- [THE PROBLEM] Skip the pictures. Give all the data again exactly.
** Opening DATA RECORDS block **
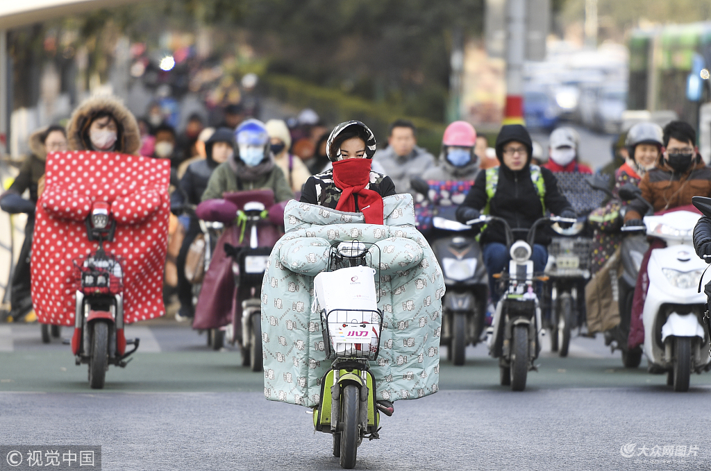 2017年11月29日,濟(jì)南市氣象臺繼續(xù)發(fā)布大風(fēng)藍(lán)色預(yù)警信號,民眾“捂裝”出行。受冷空氣影響,濟(jì)南氣溫持續(xù)走低,氣溫直降7℃至8℃,最低氣溫降至-3℃,開啟“冰凍模式”。 張勇(山東分社)/中新社/視覺中國
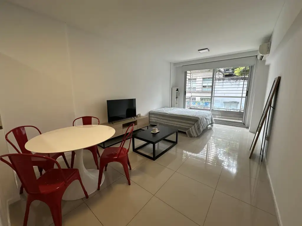 Ambiente amoblado y equipado con, sommier de dos plazas, mesa redonda con cuatro sillas, rack con TV, AIRE ACONDICIONADO (FRIO/CALOR), SILLÓN DOS CUERPOS Y DIVISOR (han sido sumados recientemente y no figuran en las fotografías de la publicación)
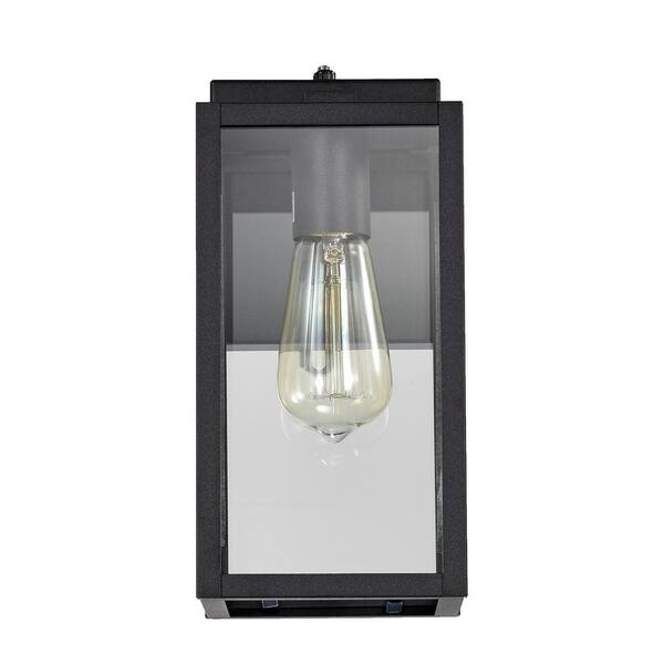 4.72 in. W 1-Light Outdoor Matte Black Wall Sconce with Dusk to Dawn Sensor and Clear Glass
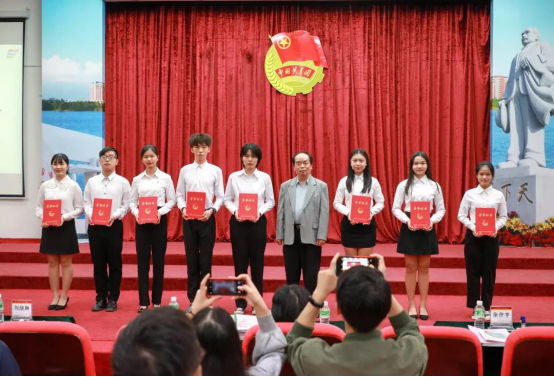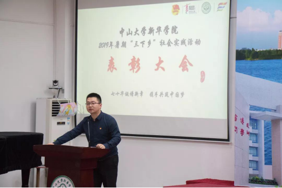 蓝永金副书记、副董事长宣读《关于表彰中山大学新华学院2019年暑期“三下乡”社会实践活动先进集体和优秀个人的决定》,号召更多师生参与暑期“三下乡”社会实践活动。
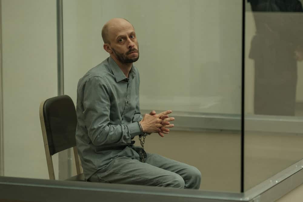 During the first 20 minutes, you might expect this to be another sleek French-language courtroom drama like Alice Diop’s Saint Omer or Justine Triet’s Palme d’Or-winning Anatomy of a Fall from last year. As the camera slowly pans around the cold, modern-looking courtroom, we hear the prosecutor and the defence give their opening remarks. We learn that the man on trial, Ludovic Chevalier (Maxwell McCabe-Lokos, pictured below) is charged with a heinous crime: kidnapping, murdering, and dismembering three young girls and live-streaming it on the Dark Web in so-called Red Rooms, long-thought to be an internet myth.
** Closing DATA RECORDS block **
- [RESULT OF THIS EXERCISE]
 2017年11月29日,濟(jì)南市氣象臺繼續(xù)發(fā)布大風(fēng)藍(lán)色預(yù)警信號,民眾“捂裝”出行。受冷空氣影響,濟(jì)南氣溫持續(xù)走低,氣溫直降7℃至8℃,最低氣溫降至-3℃,開啟“冰凍模式”。 張勇(山東分社)/中新社/視覺中國
 Ambiente amoblado y equipado con, sommier de dos plazas, mesa redonda con cuatro sillas, rack con TV, AIRE ACONDICIONADO (FRIO/CALOR), SILLÓN DOS CUERPOS Y DIVISOR (han sido sumados recientemente y no figuran en las fotografías de la publicación)
 4.72 in. W 1-Light Outdoor Matte Black Wall Sconce with Dusk to Dawn Sensor and Clear Glass
 蓝永金副书记、副董事长宣读《关于表彰中山大学新华学院2019年暑期“三下乡”社会实践活动先进集体和优秀个人的决定》,号召更多师生参与暑期“三下乡”社会实践活动。
 During the first 20 minutes, you might expect this to be another sleek French-language courtroom drama like Alice Diop’s Saint Omer or Justine Triet’s Palme d’Or-winning Anatomy of a Fall from last year. As the camera slowly pans around the cold, modern-looking courtroom, we hear the prosecutor and the defence give their opening remarks. We learn that the man on trial, Ludovic Chevalier (Maxwell McCabe-Lokos, pictured below) is charged with a heinous crime: kidnapping, murdering, and dismembering three young girls and live-streaming it on the Dark Web in so-called Red Rooms, long-thought to be an internet myth.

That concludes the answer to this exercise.